Installation of libraries

The setup is same as usual: use Python 3.10, install CUDA, create/activate a virtual environment and install the necessary libraries:

Create the virtual environment
python -m venv .venv
Enable virtual environment
# Unix
source .venv/bin/activate

# Windows
.venv\Scripts\activate
Install required libraries
pip install torch --index-url https://download.pytorch.org/whl/cu118
pip install transformers diffusers accelerate sentencepiece beautifulsoup4 ftfy

Inference process

We create the file inference.py and start writing our small application.

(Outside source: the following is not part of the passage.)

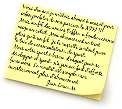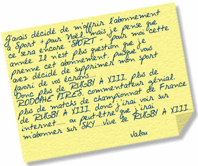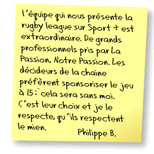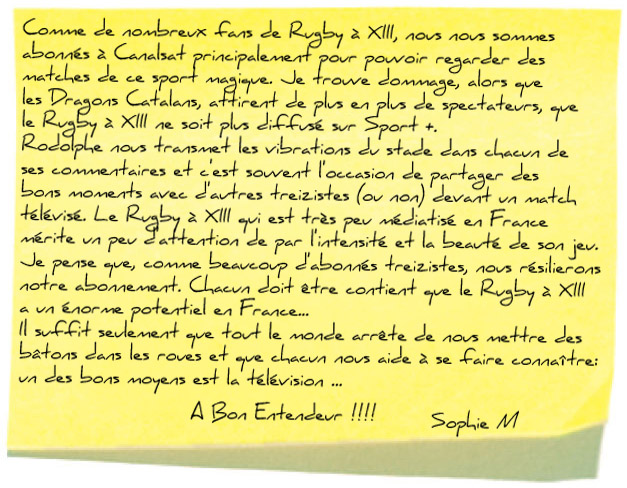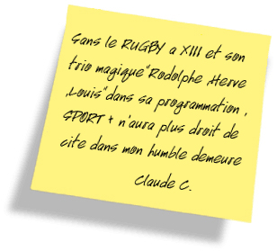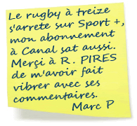 Je vous aimais beaucoup, vous m' avez apporté beaucoup de joie et de bonheur ,quel plaisir c' était pour moi de me lever à 4 h le dimanche matin pour voir en direct du Rugby à XIII.

If you want to copy and paste the entire code, remember that it is available at articles/pixart-a-with-less-than-8gb-vram/inference.py.

In the blog repository on GitHub you will find all the content associated with this and other articles.

Import what we need

We are going to import a few libraries:

  • Python
import torch
from diffusers import PixArtAlphaPipeline
from transformers import T5EncoderModel
import gc

We will make use of the garbage collector to remove the models from memory after they have been used.

Initialize parameters

We cannot generate multiple images at once (in parallel / batch_size), as this would increase memory usage quite a lot. It is also not a very good idea to generate just one image, since loading the models into memory also takes some time. The ideal solution to keep memory usage to a minimum and to maximize generation speed, is to use a generation queue to generate one image after another (serial).

  • Python
queue = []

# Generate image with this prompt. Keep the rest of the parameters as default
queue.extend([{ 'prompt': 'Oppenheimer sits on the beach on a chair, watching a nuclear explosion with a huge mushroom cloud, 1200mm' }])

# Generate image using specific values for all parameters
queue.extend([{
  'prompt': 'pirate ship trapped in a cosmic malestrom nebula',
  'width': 1024,
  'height': 1024,
  'seed': 1152753,
  'cfg': 5,
  'steps': 30,
}])

# Generate 4 images with this prompt. Do not use seed here or they will all come out the same
queue.extend([{ 'prompt': 'supercar', 'cfg': 4 } for _ in range(3)])

Embeddings and Transformer

The next step is to convert the prompt into tokens, then into an embedding and finally pass it through the transformer that applies the attention mechanisms. In PixArt-α, as in Stable Diffusion, the text encoder already takes care of producing a transformed embedding, so the last two parts are already joined.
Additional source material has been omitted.